Melting of the NCL reduces the buried surface area between M6 and M5 to 74 Å2, compared to 98 Å2 between adjacent M1-M5 subunits. The Δ30-Msp1E214Q structure serves as a convenient control: M5 in Δ30-Msp1E214Q binds to an ATP instead of ADP and the corresponding WD motif and NCL in M6 are both well-ordered (Figure 5D), supporting our hypothesis that the NCL melts in response to ATP hydrolysis. Thus, Msp1 ATP hydrolysis and phosphate release triggers conformational changes relayed by the arginine fingers and the WD motif that result in melting of the NCL and weakening of the M5-M6 intersubunit interaction.

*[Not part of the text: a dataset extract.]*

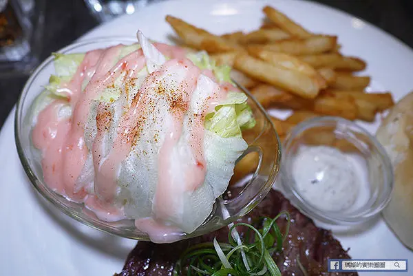 附的生菜沙拉是淋上梅子醬,帶著點酸甜的滋味,比較爽口不膩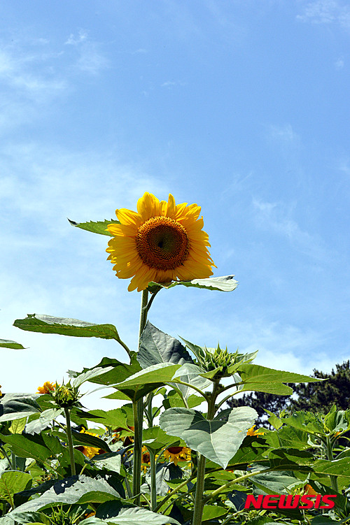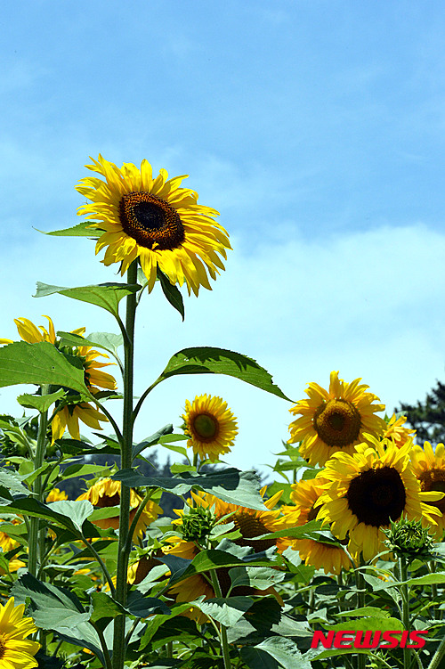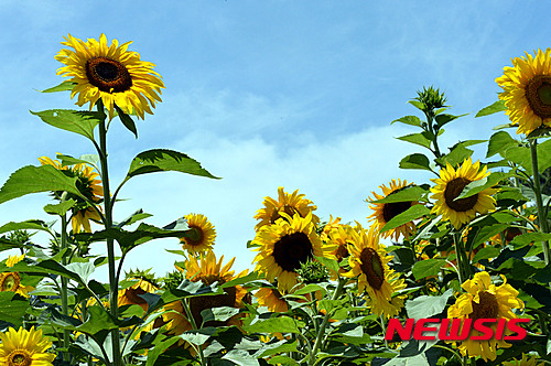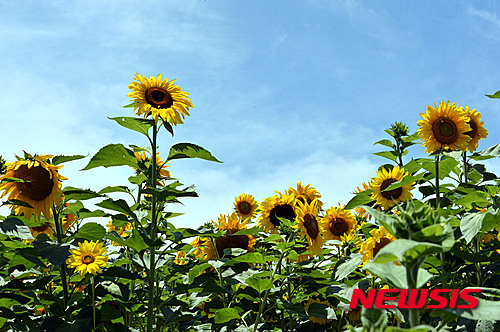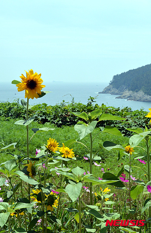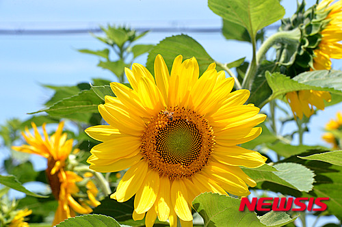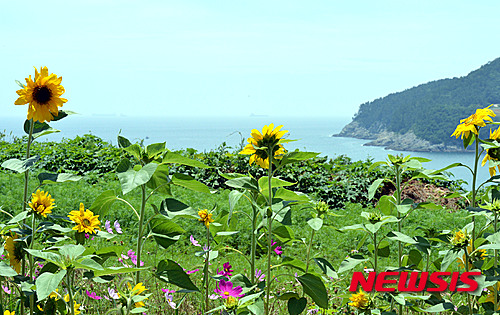 慶尚南道南海郡彌助面の道路沿いでは29日午後、ヒマワリが満開となり、人々の目を引いていた。

The fact that the NCL undergoes a nucleotide state-dependent conformational change would not necessarily rule out the importance of the degenerate ISS. To test this notion, we made mutations in L244 of the ISS. The L244A mutation causes a mild growth defect in yeast, and the L244E mutation causes a significant growth defect, suggesting that the hydrophobic interaction between the degenerate ISS and the counter-clockwise adjacent subunit also contributes to the Msp1’s function.
Our mechanistic model can explain a recently identified disease-related mutation. The conserved aspartate (D221) in the WD motif in the human ATAD1 is found mutated to histidine in some schizophrenia patients. ATAD1D221H exhibits an oligomer disassembly defect, which reduces its ability to regulate AMPA receptor trafficking in neurons and causes impaired memory and social behavior in mice (Umanah et al., 2017). Based on our structures, replacing D242 (in C. thermo, D221 in humans) with an aromatic amino acid may increase its affinity toward the arginine fingers due to strong cation-π interactions. Also, π − π stacking between W241 and the histidine would likely lead to a higher intrinsic stability of the mutated motif, and thus a more stable NCL. The well-folded NCL would result in a stronger interaction between subunits, impeding the movement of the spiral along its substrate(s), causing the observed defect. Mutating the WD motif results in a growth defect in yeast, confirming their functional importance (Figure 4).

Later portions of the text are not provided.